Likely your opponent will try a standard double leg takedown, or some ugly variation thereof. This gives you two options: take them down first, or wait till they try to take you down and counter. If you have any skill at wrestling, go for a take down. Remember, hard and fast, with no warning (just like with your woman).
Don’t half-ass a takedown. It’s all or nothing. If you get stuck down there he will pound your face in. Drop to a knee and drive through him hard. Pick him up or turn him 90 degrees to the ground. Most people screw up takedowns cause they don’t drive through when the guys sprawls out on them. Go balls to the walls, like everything else in a fight.
If he goes for the takedown first you have two options. You can sprawl out and beat his head in from your feet while he is on his knees, or you can try and turn him and get on top of him. Since my experience is more in grappling, I usually go for the turn.
This move is called a pancake, and if you’ve never heard of it, you should look it up and practice it at home with your buddies, so that it will come naturally when someone tries to take you down. Same with the sprawl. They are important tools to have. If you’re successful with the pancake you will end up on top of them.
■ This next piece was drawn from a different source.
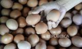 REPUBLIKA.CO.ID, JAKARTA -- Seorang pedagang menunjukkan telur ayam dagangannya di Pasar Malaka, Rorotan, Jakarta, Senin (3/1/2022). Badan Pusat Statistik (BPS) mencatat inflasi pada Desember 2021 sebesar 0,57 persen atau ada kenaikan pada Indeks Harga Konsumen (IHK) dari 107,5 pada November menjadi 107,66 sehingga inflasi sepanjang 2021 mencapai 1,87 persen, sama dengan inflasi dari tahun ke tahun.

Get your legs around them above their hips and beat their face in.
7. Pay attention to your opponent and your surroundings.
If you know your opponent is a professional boxer, don’t try to outbox him. Try to take him down. If you know your opponent is an all-state wrestler, stay on your feet and don’t let him get too close. Scope your surroundings. Fights are won and lost by people losing footing or tripping over something.
Look out for couches, puddles, cars, etc. Pay attention to the shoes you are wearing. If you are fighting in sandals maybe it would be better to take them off and go barefooted. Having scraped feet is better than having a swollen face because you tripped in your floppy ass Rainbows.
A Few Notes:
On Weapons:
Someone may have one, keep your eyes open. This is the risk you take when you fight people. Most people don’t like losing fights and want an edge. Fights can get taken way too far, way too fast when weapons get involved. A fist fight may get you sued or community service. A knife will get you years in prison in for a first time offense. Act accordingly.
It’s tempting to use beer bottles across the head, but beware. Beer bottles can FUCK someone up. I once saw a kid get his eyeball knocked out from a beer bottle across the head. Don’t let it happen to you, and don’t do it to someone else unless you are ready to pay the potential consequences.
On Fighting More Than One Person:
Most likely a losing battle.
STAY ON YOUR FEET. Only so much damage can happen to you while you are on your feet. If you drop down, they will kick you until they decide to stop, which could be after permanent brain damage or death. Most people deep down are pussies and will hang back and let someone else lead the attack. If you are in a ball on the ground you aren’t a threat you are open season for even the biggest pussy to attack.
A guy on his feet swinging at anything within reach is a threat, and can make people hesitant.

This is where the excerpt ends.